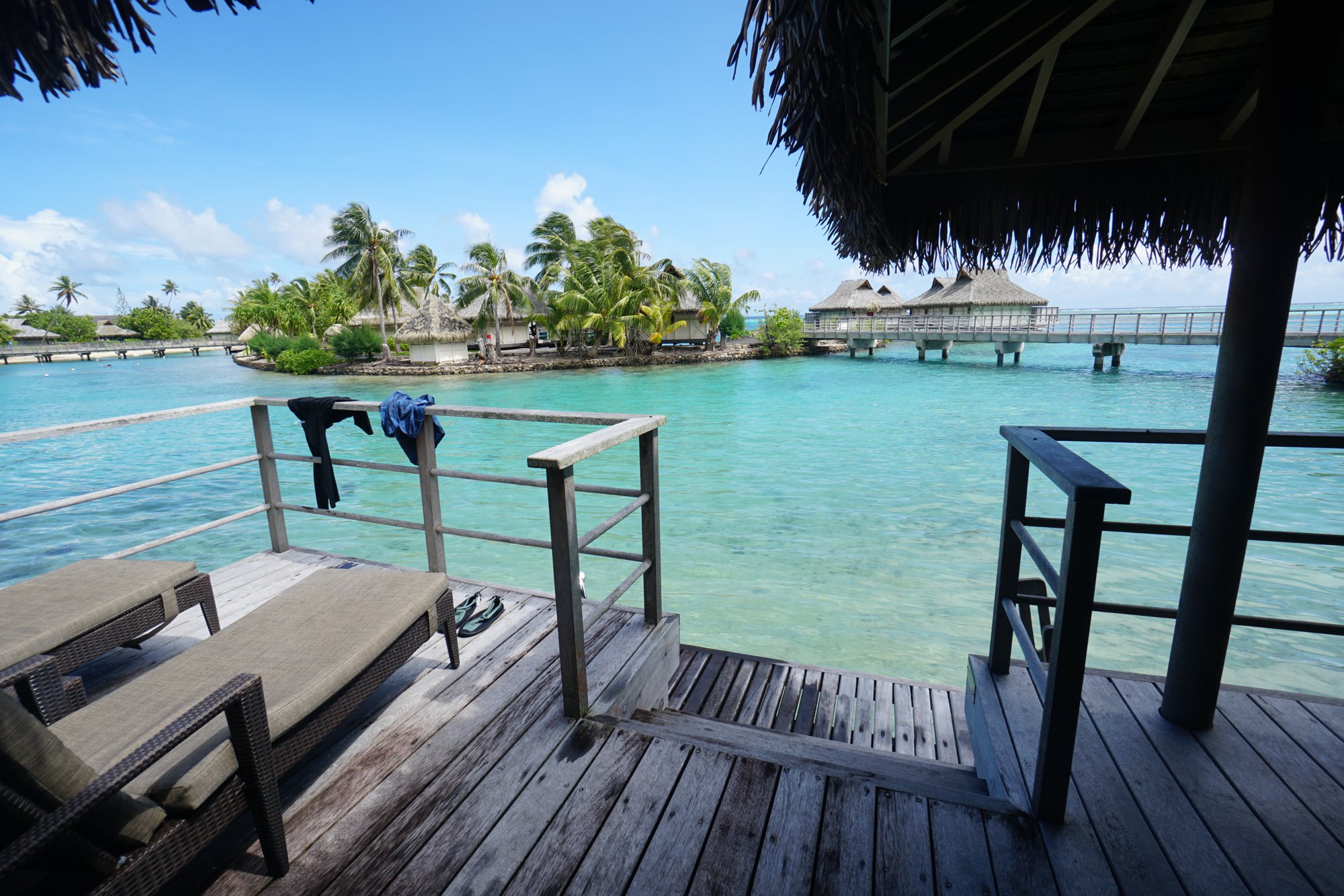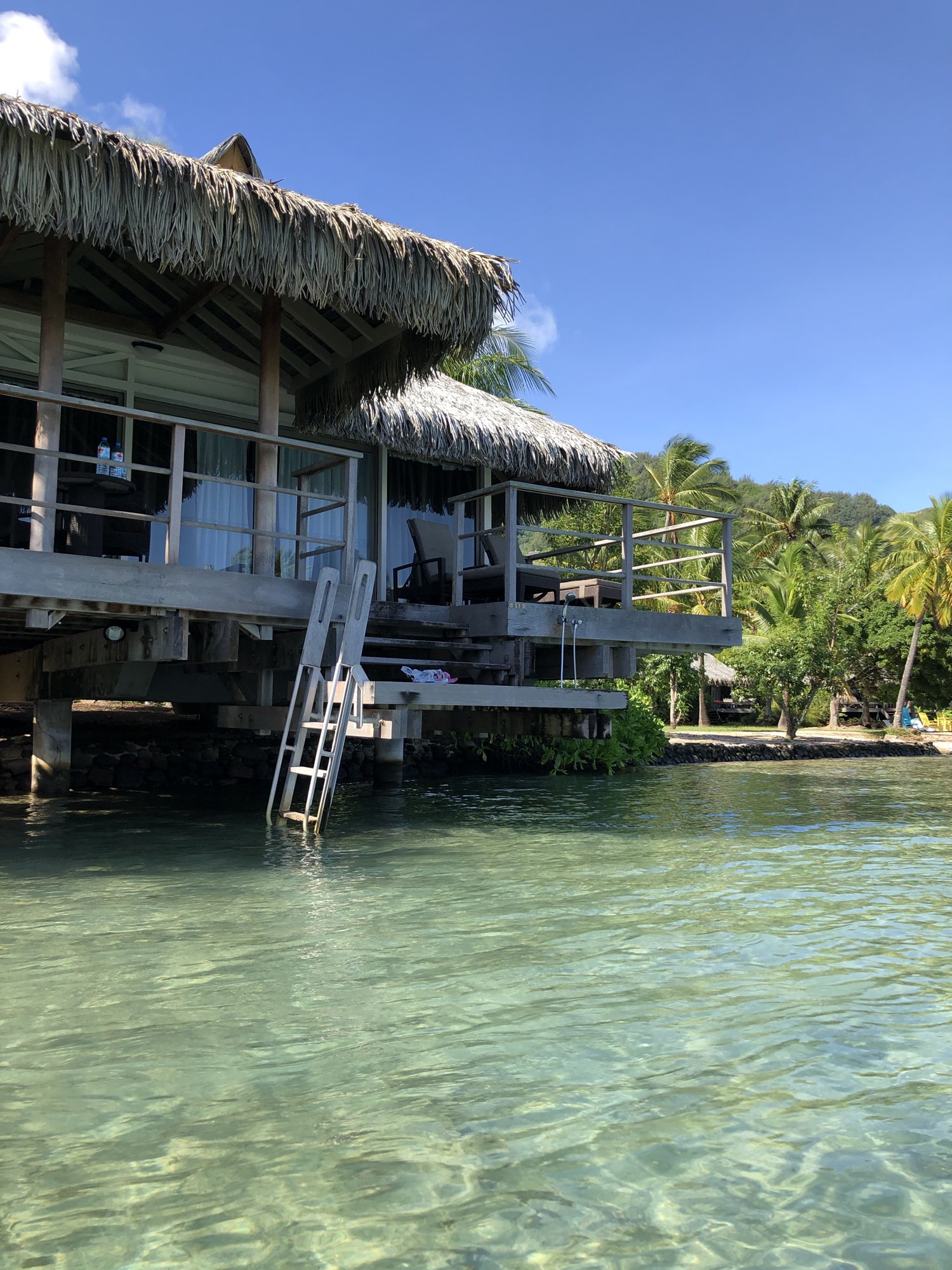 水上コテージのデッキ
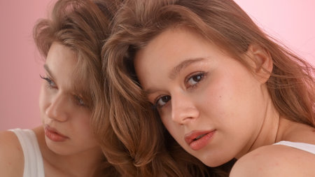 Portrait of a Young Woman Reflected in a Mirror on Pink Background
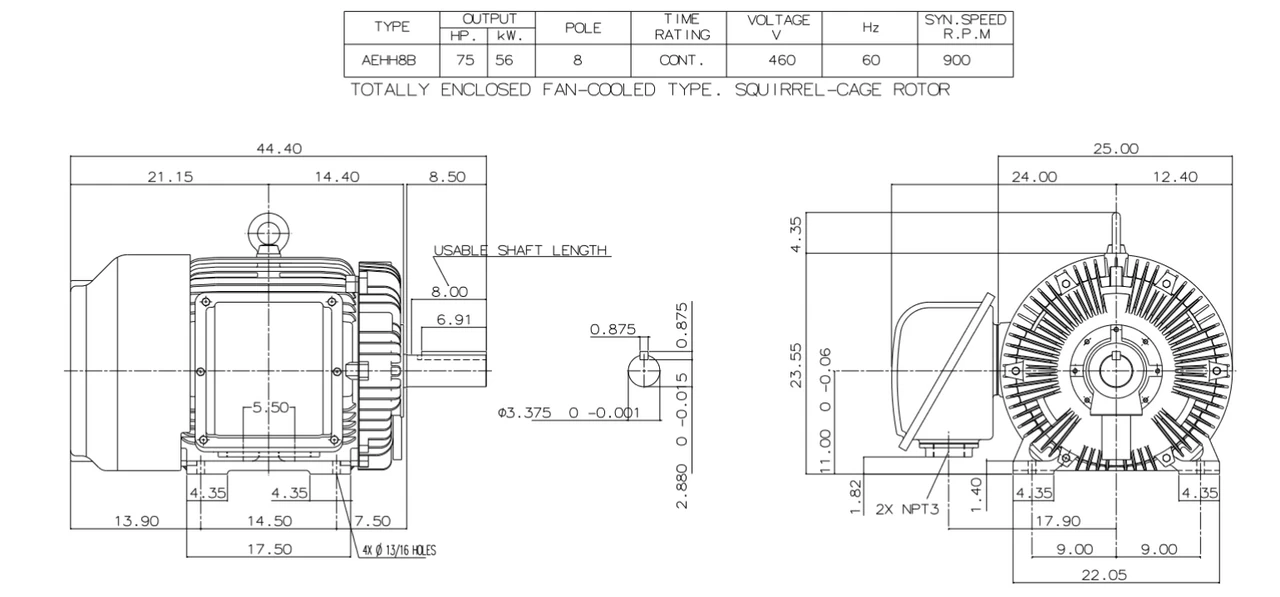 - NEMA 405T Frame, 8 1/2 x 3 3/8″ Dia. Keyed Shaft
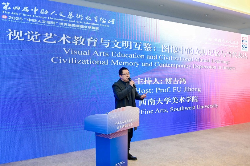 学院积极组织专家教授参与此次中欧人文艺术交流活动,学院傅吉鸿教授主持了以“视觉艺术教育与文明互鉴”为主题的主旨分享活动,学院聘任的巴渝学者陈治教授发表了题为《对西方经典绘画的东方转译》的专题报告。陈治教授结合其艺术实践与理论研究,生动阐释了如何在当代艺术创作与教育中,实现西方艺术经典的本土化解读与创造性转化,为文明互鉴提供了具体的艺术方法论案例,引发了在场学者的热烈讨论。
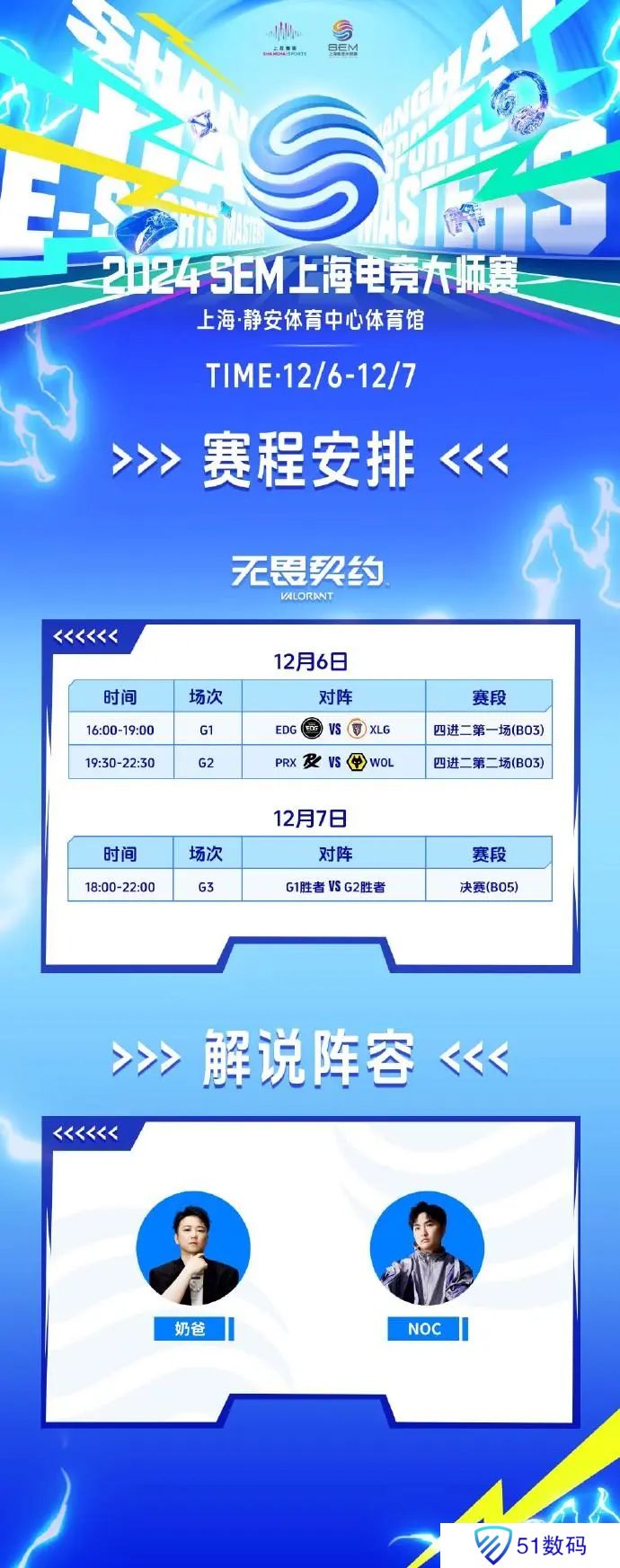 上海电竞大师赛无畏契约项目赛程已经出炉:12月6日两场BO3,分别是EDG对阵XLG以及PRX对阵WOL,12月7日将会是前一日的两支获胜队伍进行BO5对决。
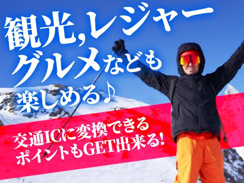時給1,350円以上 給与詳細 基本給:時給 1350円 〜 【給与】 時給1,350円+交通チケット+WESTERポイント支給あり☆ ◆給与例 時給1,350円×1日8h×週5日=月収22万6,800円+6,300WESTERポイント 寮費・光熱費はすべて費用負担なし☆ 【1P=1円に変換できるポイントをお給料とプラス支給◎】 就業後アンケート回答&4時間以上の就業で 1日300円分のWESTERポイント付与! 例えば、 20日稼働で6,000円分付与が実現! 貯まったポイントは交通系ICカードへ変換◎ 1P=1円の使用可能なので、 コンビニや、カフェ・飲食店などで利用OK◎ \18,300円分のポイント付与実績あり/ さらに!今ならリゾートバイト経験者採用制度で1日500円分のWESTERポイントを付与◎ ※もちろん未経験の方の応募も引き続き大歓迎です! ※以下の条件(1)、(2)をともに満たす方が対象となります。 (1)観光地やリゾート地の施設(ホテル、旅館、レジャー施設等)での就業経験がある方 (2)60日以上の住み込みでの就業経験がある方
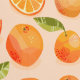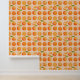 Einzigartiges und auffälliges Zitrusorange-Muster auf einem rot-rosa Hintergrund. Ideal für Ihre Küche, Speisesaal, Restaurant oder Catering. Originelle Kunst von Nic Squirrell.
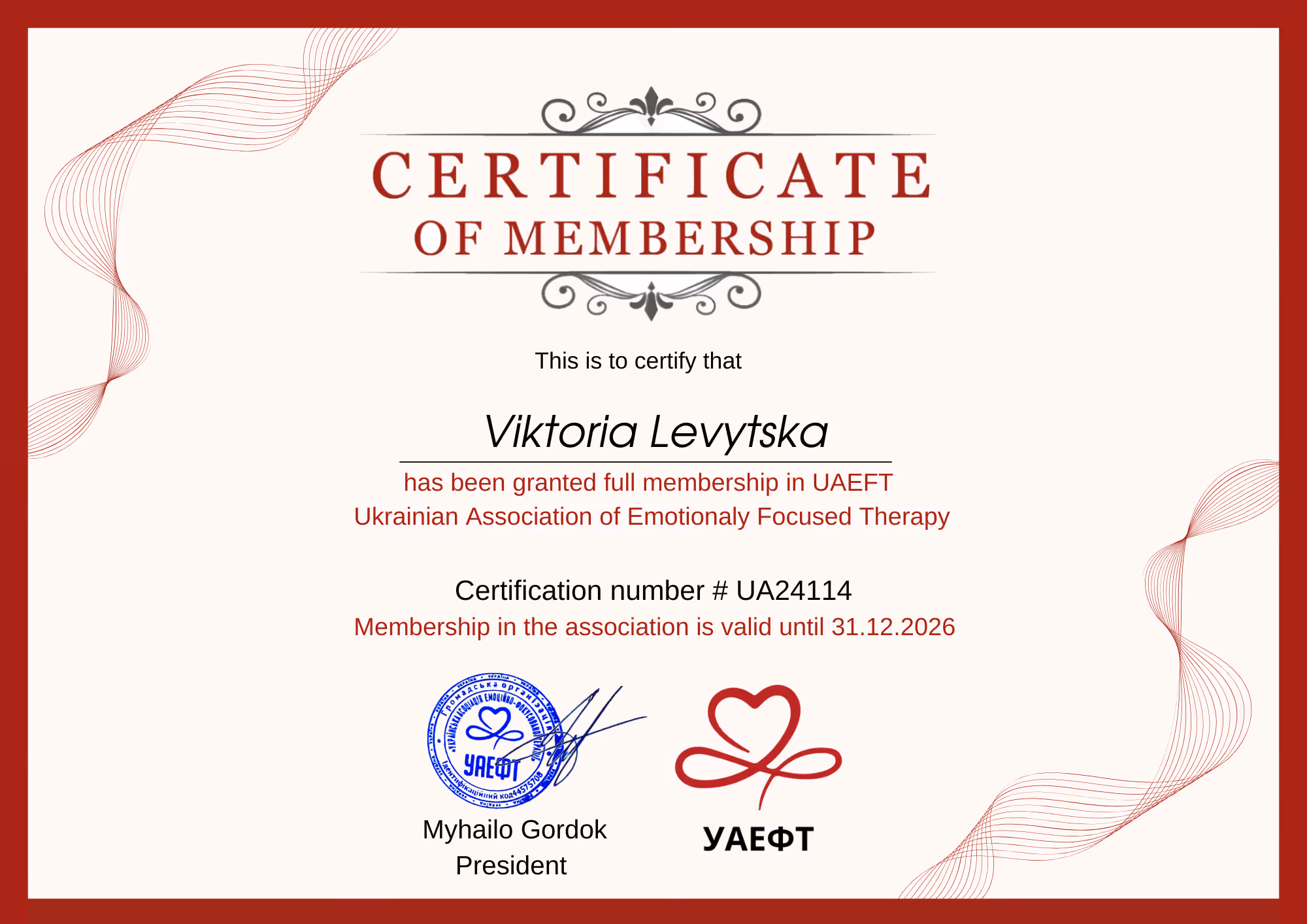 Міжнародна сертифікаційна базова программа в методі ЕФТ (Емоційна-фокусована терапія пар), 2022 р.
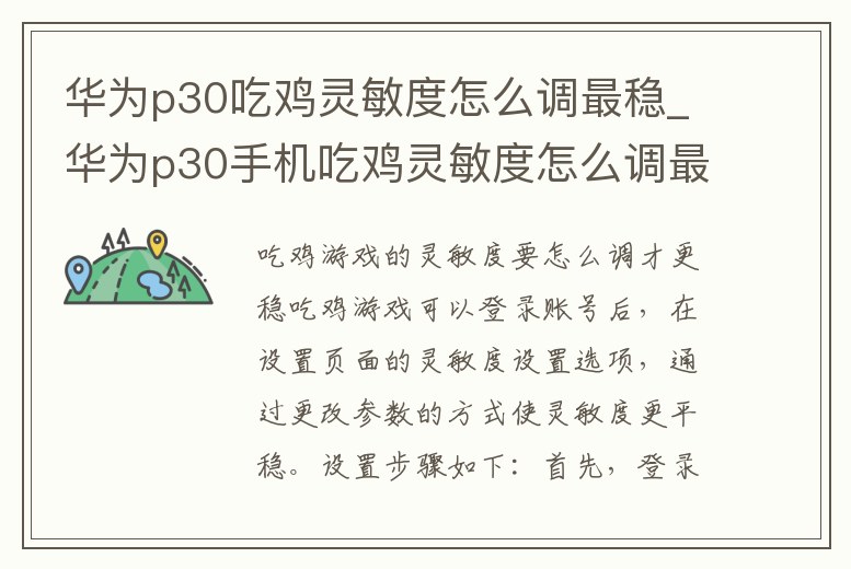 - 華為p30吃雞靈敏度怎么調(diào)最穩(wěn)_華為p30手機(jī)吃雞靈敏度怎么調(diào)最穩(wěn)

▶ WORK ITEM:
Without any of the pictures, repeat the entries above word for word.

▶ OUTPUT FOR THIS EXERCISE:
 水上コテージのデッキ
 Portrait of a Young Woman Reflected in a Mirror on Pink Background
 - NEMA 405T Frame, 8 1/2 x 3 3/8″ Dia. Keyed Shaft
 学院积极组织专家教授参与此次中欧人文艺术交流活动,学院傅吉鸿教授主持了以“视觉艺术教育与文明互鉴”为主题的主旨分享活动,学院聘任的巴渝学者陈治教授发表了题为《对西方经典绘画的东方转译》的专题报告。陈治教授结合其艺术实践与理论研究,生动阐释了如何在当代艺术创作与教育中,实现西方艺术经典的本土化解读与创造性转化,为文明互鉴提供了具体的艺术方法论案例,引发了在场学者的热烈讨论。
 上海电竞大师赛无畏契约项目赛程已经出炉:12月6日两场BO3,分别是EDG对阵XLG以及PRX对阵WOL,12月7日将会是前一日的两支获胜队伍进行BO5对决。
時給1,350円以上 給与詳細 基本給:時給 1350円 〜 【給与】 時給1,350円+交通チケット+WESTERポイント支給あり☆ ◆給与例 時給1,350円×1日8h×週5日=月収22万6,800円+6,300WESTERポイント 寮費・光熱費はすべて費用負担なし☆ 【1P=1円に変換できるポイントをお給料とプラス支給◎】 就業後アンケート回答&4時間以上の就業で 1日300円分のWESTERポイント付与! 例えば、 20日稼働で6,000円分付与が実現! 貯まったポイントは交通系ICカードへ変換◎ 1P=1円の使用可能なので、 コンビニや、カフェ・飲食店などで利用OK◎ \18,300円分のポイント付与実績あり/ さらに!今ならリゾートバイト経験者採用制度で1日500円分のWESTERポイントを付与◎ ※もちろん未経験の方の応募も引き続き大歓迎です! ※以下の条件(1)、(2)をともに満たす方が対象となります。 (1)観光地やリゾート地の施設(ホテル、旅館、レジャー施設等)での就業経験がある方 (2)60日以上の住み込みでの就業経験がある方
 Einzigartiges und auffälliges Zitrusorange-Muster auf einem rot-rosa Hintergrund. Ideal für Ihre Küche, Speisesaal, Restaurant oder Catering. Originelle Kunst von Nic Squirrell.
 Міжнародна сертифікаційна базова программа в методі ЕФТ (Емоційна-фокусована терапія пар), 2022 р.
 - 華為p30吃雞靈敏度怎么調(diào)最穩(wěn)_華為p30手機(jī)吃雞靈敏度怎么調(diào)最穩(wěn)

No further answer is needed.